No. The appellant contended that the Second Letters of Request were issued as a result of a flawed process in the Florida Court; and that the application judge erred by not examining the Florida Court’s process. The Court found no merit in this ground of appeal. The Court applied the principle that an Ontario Court should give full faith and credit to the orders and judgments of a U.S. Court unless it is of the view that to do so would be contrary to the interests of justice or would infringe Canadian sovereignty. The application judge examined the process used by the Florida Court and considered the appellant’s complaint. However, the judge’s reasons clearly disclose that he was not persuaded that the process tainted the Second Letters of Request such that it would be contrary to the interests of justice to enforce them. The Court agreed, stating that comity requires that flexible rules be applied to such procedural differences. A Canadian Court must balance any possible infringement of Canadian sovereignty with the natural desire to assist foreign Courts.

(2) Should Leave to Appeal the Costs Order be Granted?

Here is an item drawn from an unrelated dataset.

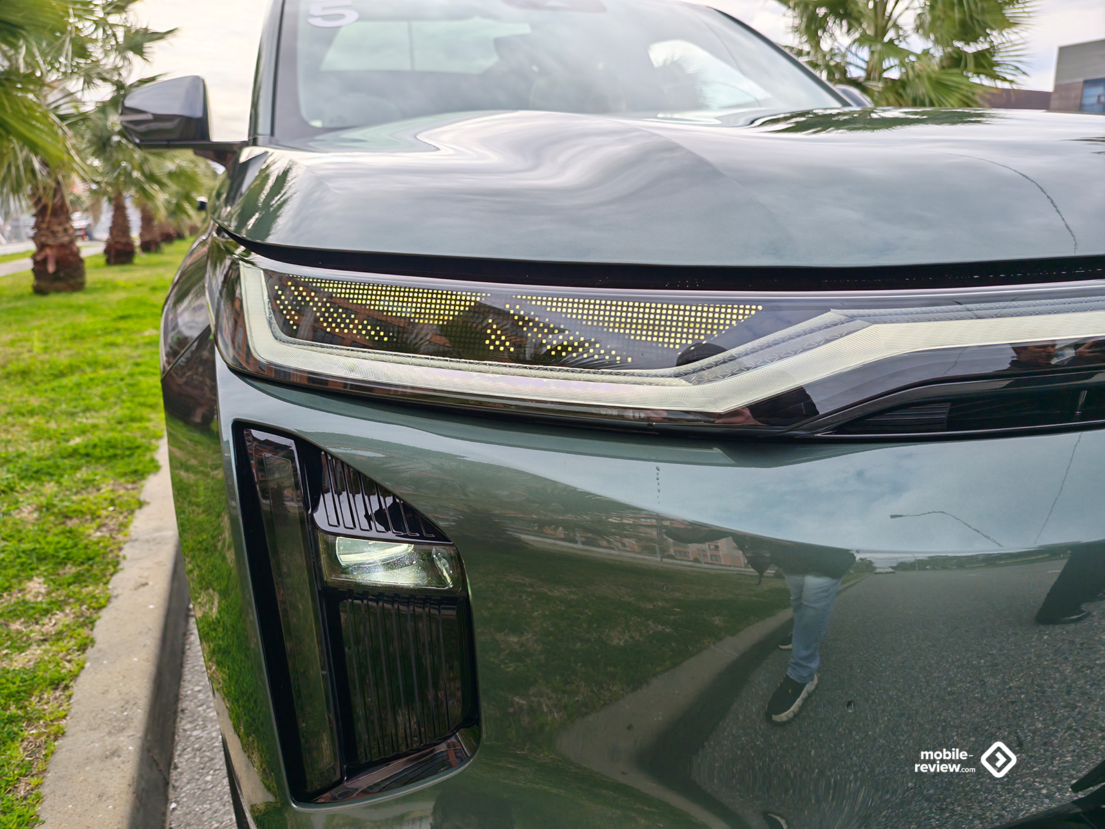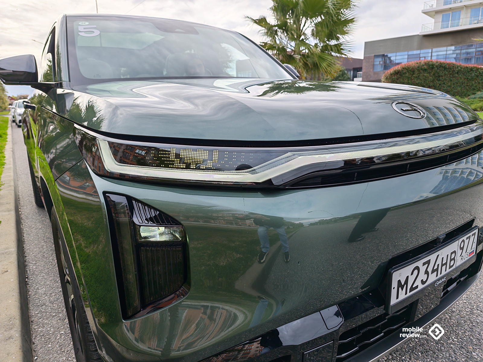 Передняя часть кроссовера несет на себе крупную светодиодную линию вдоль всего капота, привет Li, но при этом производитель немного обыграл её. Так, по краям кузова данная полоса расширяется на манер классических фар, а внутри неё можно вывести один из пяти анимированных рисунков, самым интересным из которых являются глаза. В статике же возможно отображение собственной надписи владельца. Фишка необязательная, но все же позволяет преобразить внешний вид автомобиля и даже сделать его более персонализированным.

No. The application judge ordered that each party was required to bear its own costs. The appellant contended that the application judge tethered the costs determination to the outcome of the Florida proceedings, effectively awarding “costs in the cause” for a proceeding that was not before him. The appellant also argued that the judge erred by departing from the general principle that non-party respondents to applications to enforce letters of request are entitled to receive their costs on an elevated scale regardless of the outcome of the enforcement application. The Court did not find that the application judge tethered the Costs Order to the outcome of the Florida proceedings. Rather, the judge explained why the conduct of each party made it difficult for him to determine who was entitled to costs. Additionally, the jurisprudence did not establish any bright line rule regarding the award of costs on successful applications to enforce letters of request. Consequently, the application judge did not err in principle in awarding no costs, nor was his Costs Order wrong.